L’encombrement peut-il être rentable pour l’hôpital ?

Tout à fait, c’est une source de revenus ! Vous entendez râler les patients, les urgentistes... mais combien de directeurs d’hôpital se battent réellement pour désengorger leurs urgences ? C’est l’une des sources de financement de l’hôpital. Quelqu’un qui se présente avec la gorge rouge qui fait mal, cela rapporte une somme de l’ordre de 300 €. Les hôpitaux fonctionnent à la T2A, la Tarification à l’acte, le même fonctionnement que dans les cliniques privées. Ils ont tout intérêt à faire du chiffre...

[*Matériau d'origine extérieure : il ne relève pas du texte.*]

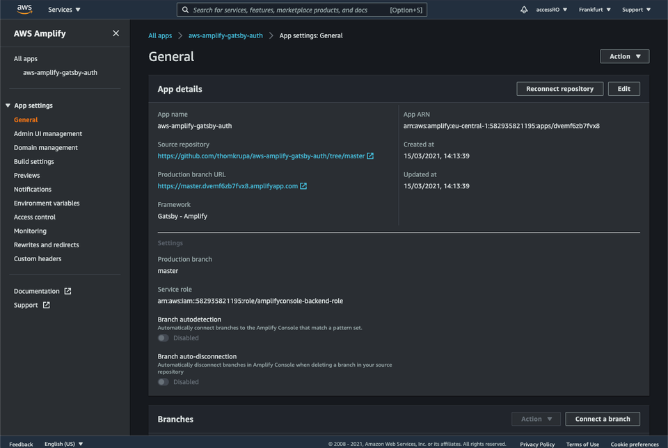 This is one of the first steps when you're trying to deploy an example Gatsby app. Why dark or light mode if you can have both at once? But joking aside, AWS UI is bad. It has many glitches, it's not very intuitive, and it's hard to manage. Don't get me wrong. AWS is a powerful cloud platform, it has dozens of different products, but it misses a good UX team.
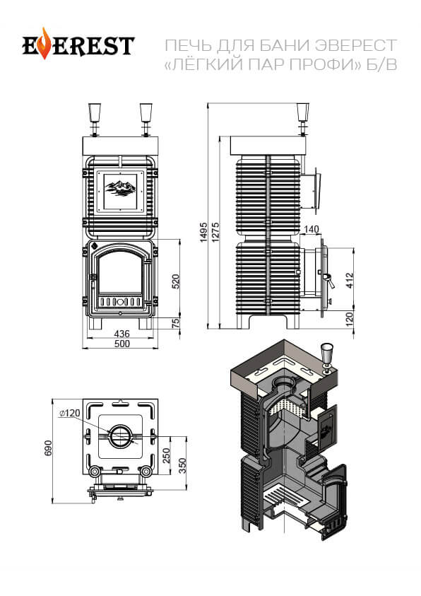 Поворотная чугунная банная печь EVEREST Лёгкий Пар ПРОФИ предназначена для обогрева парных помещений объёмом до 44 кубических метров и получения пара при эксплуатации в частных и коммерческих банях.
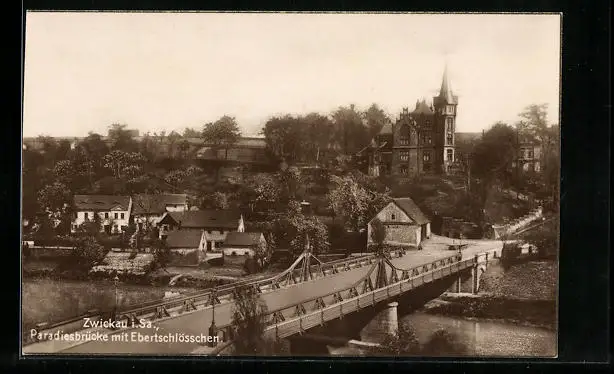 AK Zwickau i. Sa., Paradiesbrücke mit Ebertschlösschen

« Je n'incrimine personne »

Simone s’est rendue il y a quelques semaines aux urgences pour y accompagner un cousin victime d’une entorse au cours d’une rencontre sportive. Arrivée un samedi soir vers 21 h 15, on l’a renvoyée en salle d’attente après les formalités d’admission en lui disant : « Maintenant, vous avez entre 5 et 6 heures d’attente ». « La salle d’atttente était bien remplie, mon cousin m’a dit qu’il préférait partir et revenir le lendemain », explique Simone. Le dimanche matin, retour aux urgences ruthénoises vers 8 h 30, nouvelles formalités d’admission et retour dans la salle d’attente avec, là aussi, 5 ou 6 heures d’attente annoncées, du fait que les services étaient « surbookés ». Le cousin blessé quitte la salle vers 11 heures, partira en radiologie et sortira finalement vers 13 h 30 avec traitement, ordonnance et un rendez-vous chez un orthopédiste dans les semaines suivantes. « Mon sentiment est qu’il n’y a pas assez de monde. Je n’incrimine pas le personnel. J’aimerais cependant qu’on m’explique pourquoi le service était surbooké... alors que la salle d’attente était vide... Peut-être l’heure de la relève des équipes ? Je n’incrimine pas le personnel mais les gens viennent pour un oui ou pour un non ».